Microsoft Technology Licensing, LLC

Inventor(s)

Benjamin Goth Zorn of Woodinville WA (US)

Carina Suzana Negreanu of Cambridge (GB)

Neil Blunt Toronto of Cambridge (GB)

Brian Paul Slininger of Seattle WA (US)

Andrew Donald Gordon of Cambridge (GB)

Advait Sarkar of Cambridge (GB)

Elnaz Nouri of Seattle WA (US)

Vu Minh Le of Redmond WA (US)

Christian Leopold Bejamin Poelitz of London (GB)

Shraddha Govind Barke of La Jolla CA (US)

Sruti Srinivasa Ragavan of Oxford (GB)

MODEL CAPABILITY EXTRACTION - A simplified explanation of the abstract

This abstract first appeared for US patent application 17969922 titled 'MODEL CAPABILITY EXTRACTION

Simplified Explanation

The abstract of the patent application describes a method of indirectly querying models to determine their capabilities using structured model input that may include natural language input from users. The output of the model is then evaluated to estimate or determine the capability possessed by the model.

  • Explanation of the innovation:

- Indirect querying of models to assess capabilities - Structured model input including natural language input - Evaluation of model output to determine capability

  • Potential applications of this technology:

- Natural language processing - Machine learning - Artificial intelligence

  • Problems solved by this technology:

- Efficient evaluation of model capabilities - Improved utilization of models - Enhanced understanding of model performance

  • Benefits of this technology:

- Better utilization of models - Enhanced model evaluation - Improved decision-making based on model capabilities

  • Potential commercial applications of this technology:

- Chatbots - Virtual assistants - Data analysis tools

  • Possible prior art:

- Previous methods of model evaluation - Existing natural language processing techniques

Questions:

1. How does this method of indirect querying differ from direct querying of models? - The method of indirect querying involves structured model input, including natural language input, to evaluate model capabilities, while direct querying typically involves querying the model directly with specific questions or commands.

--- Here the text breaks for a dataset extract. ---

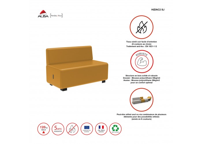 Dé a sus espacios profesionales un toque moderno y flexible con el sofá de dos plazas HIZIA. Multifuncional y elegante, se integra armoniosamente en una composición modular o puede utilizarse solo para satisfacer todas sus necesidades de mobiliario. Su tapicería de polipiel ignífuga y su cómodo asiento lo convierten en la opción ideal para zonas de recepción, salones u oficinas. Su diseño moderno aporta un toque de sofisticación a cualquier ambiente.
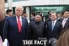 도널드 트럼프 미국 대통령과 김정은 북한 국무위원장이 판문점 공동경비구역(JSA) 군사분계선을 넘어 북측으로 갔다 다시 남측으로 넘어오고 있다. /뉴시스 |

2. What are the potential limitations of using natural language input for evaluating model capabilities? - Natural language input may introduce ambiguity or noise in the evaluation process, leading to potential inaccuracies in determining model capabilities.


Original Abstract Submitted

The indirect querying of models to determine capabilities possessed by the model. Such indirect queries take the form of model input that potentially includes a natural language input user data. Such model input is structured such that the output of the model is either not natural language at all, or else is natural language that is not semantically responsive to the natural language input. Nevertheless, the output is evaluated to estimate or determine the capability possessed by the model. Thus, models may be more fully utilized to their better potential.